INFORMATION SUPPLIED:
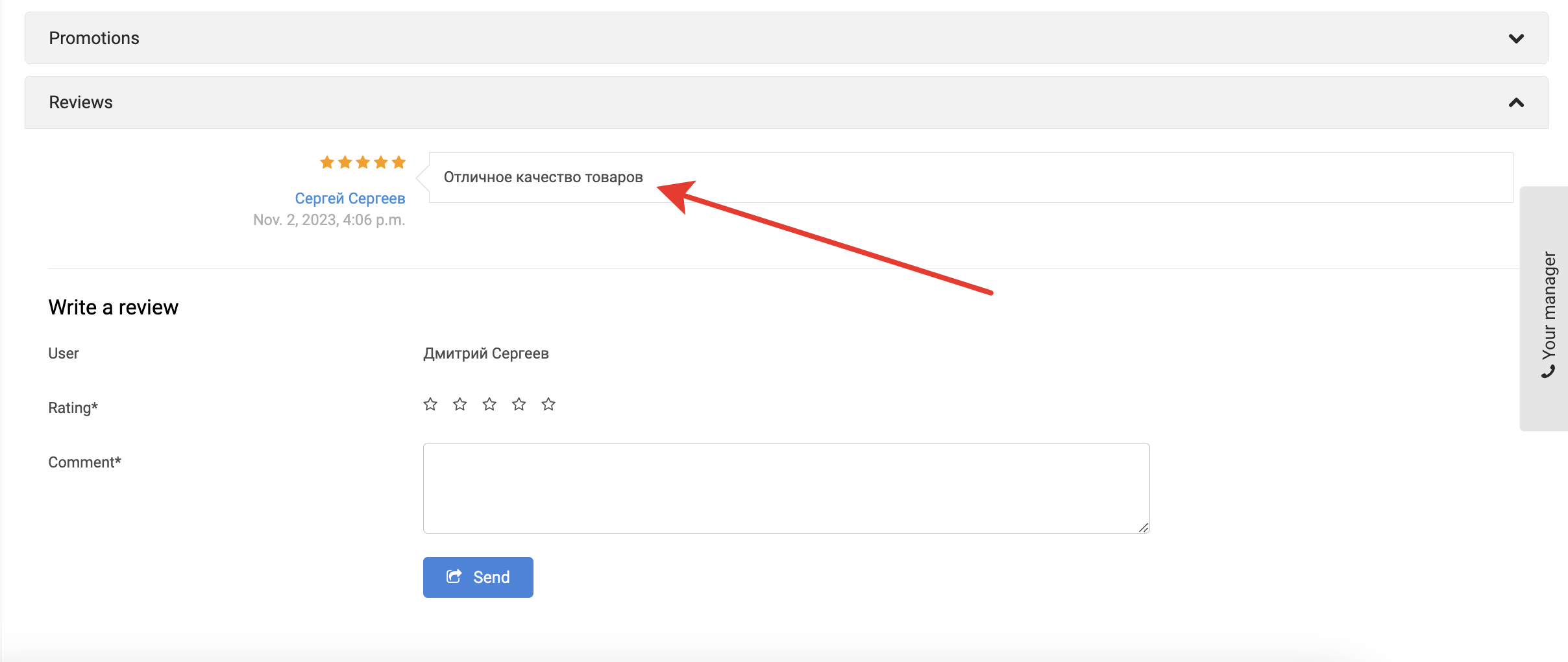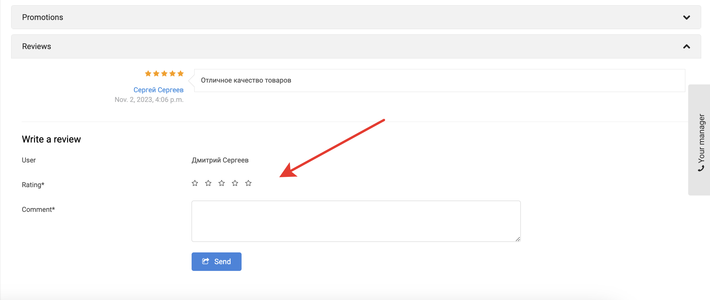 View supplier ratingsTo view a supplier's rating, the buyer must go to his personal account, open the Suppliers section, and click on the name of the supplier of interest. The Reviews field displays the rating given to the supplier. Rating the supplier1. The buyer can rate the supplier and write a comment in his personal account in the Suppliers section (you must click on the name of the supplier company and go to the Reviews tab). 2. The buyer can also give a rating when ordering the product. To do this, in the Orders section, open the desired order and at the bottom of the order, put a rating and write a comment (the ability to set a rating for each order status is configured in the administrative panel in the Manage order statuses section). 3. The buyer can leave a comment on the product by going to the card of the desired product: 4. The rating of the supplier company can also be set by the System administrator in the administrative panel. Go to the Suppliers section, select the required supplier by clicking on its name, in the window that opens, go to the Supplier Profile section and find the Rating field. In this field, set the rating value from 1 to 5: 1 is 1 star, 5 is 5 stars. |
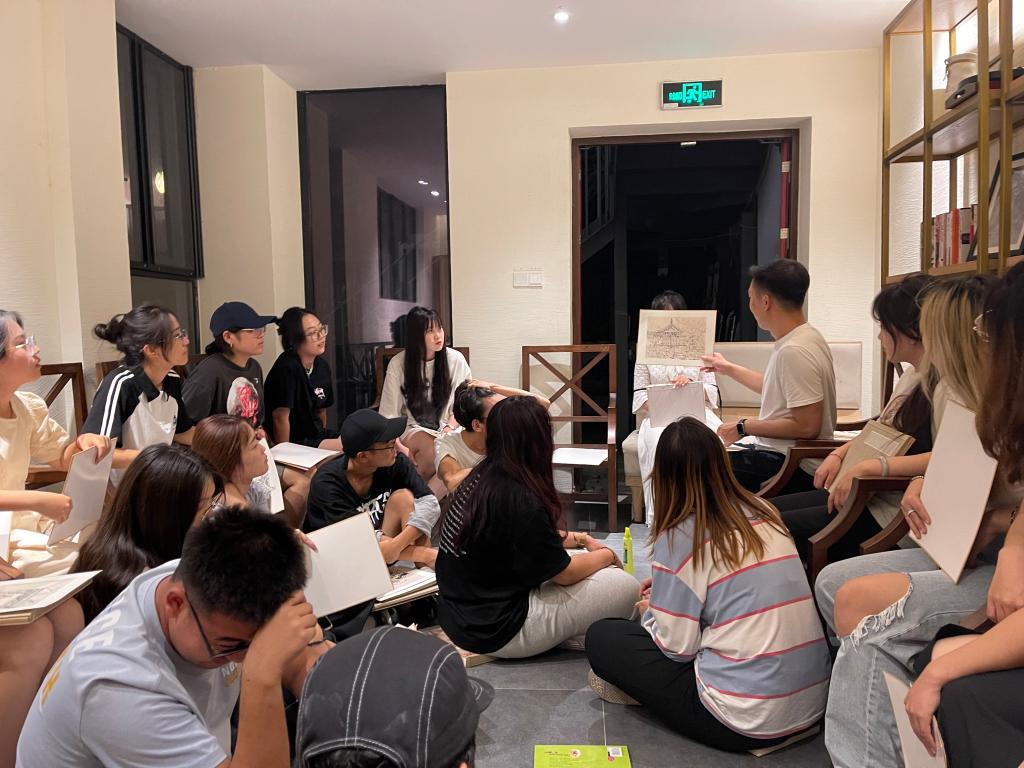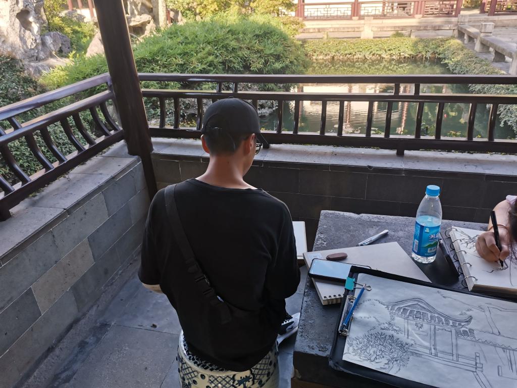 在苏州的三天主要是在园林内进行写生。首先是了解和对比内蒙古地区的建筑来理解苏州园林的特点,其次是通过特点来深入理解其中蕴含的文化,运用这些掌握的知识完成写生。通过一整天的学习、写生同学都会有完整、满意的作品。最后是刘老师会对每一位同学的写生作品进行点评,针对学生作品存在的问题进行讲解,同学们对自己的作品进行反思,继而进行修改。在三天的写生时间里同学们对于苏州园林和中国传统文化的理解更加透彻,在思想上有了很大的改变,绘画能力也有所提升。
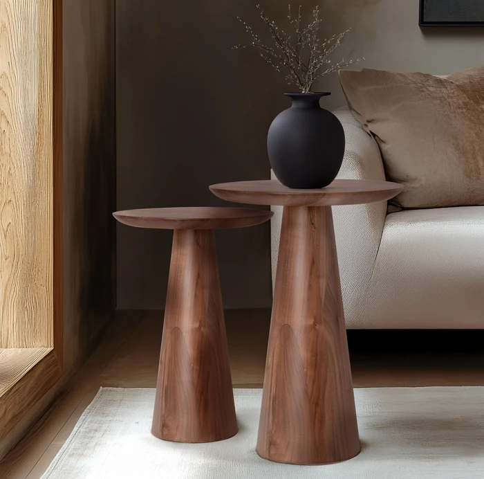 שולחן צד מעוצב קונוס דגם OLE עשוי עץ מלא בגוון אגוז מושלם

WORK TASK: Apart from the pictures, repeat the data above exactly.

TASK SOLUTION:
 View supplier ratingsTo view a supplier's rating, the buyer must go to his personal account, open the Suppliers section, and click on the name of the supplier of interest. The Reviews field displays the rating given to the supplier. Rating the supplier1. The buyer can rate the supplier and write a comment in his personal account in the Suppliers section (you must click on the name of the supplier company and go to the Reviews tab). 2. The buyer can also give a rating when ordering the product. To do this, in the Orders section, open the desired order and at the bottom of the order, put a rating and write a comment (the ability to set a rating for each order status is configured in the administrative panel in the Manage order statuses section). 3. The buyer can leave a comment on the product by going to the card of the desired product: 4. The rating of the supplier company can also be set by the System administrator in the administrative panel. Go to the Suppliers section, select the required supplier by clicking on its name, in the window that opens, go to the Supplier Profile section and find the Rating field. In this field, set the rating value from 1 to 5: 1 is 1 star, 5 is 5 stars. |
 在苏州的三天主要是在园林内进行写生。首先是了解和对比内蒙古地区的建筑来理解苏州园林的特点,其次是通过特点来深入理解其中蕴含的文化,运用这些掌握的知识完成写生。通过一整天的学习、写生同学都会有完整、满意的作品。最后是刘老师会对每一位同学的写生作品进行点评,针对学生作品存在的问题进行讲解,同学们对自己的作品进行反思,继而进行修改。在三天的写生时间里同学们对于苏州园林和中国传统文化的理解更加透彻,在思想上有了很大的改变,绘画能力也有所提升。
 שולחן צד מעוצב קונוס דגם OLE עשוי עץ מלא בגוון אגוז מושלם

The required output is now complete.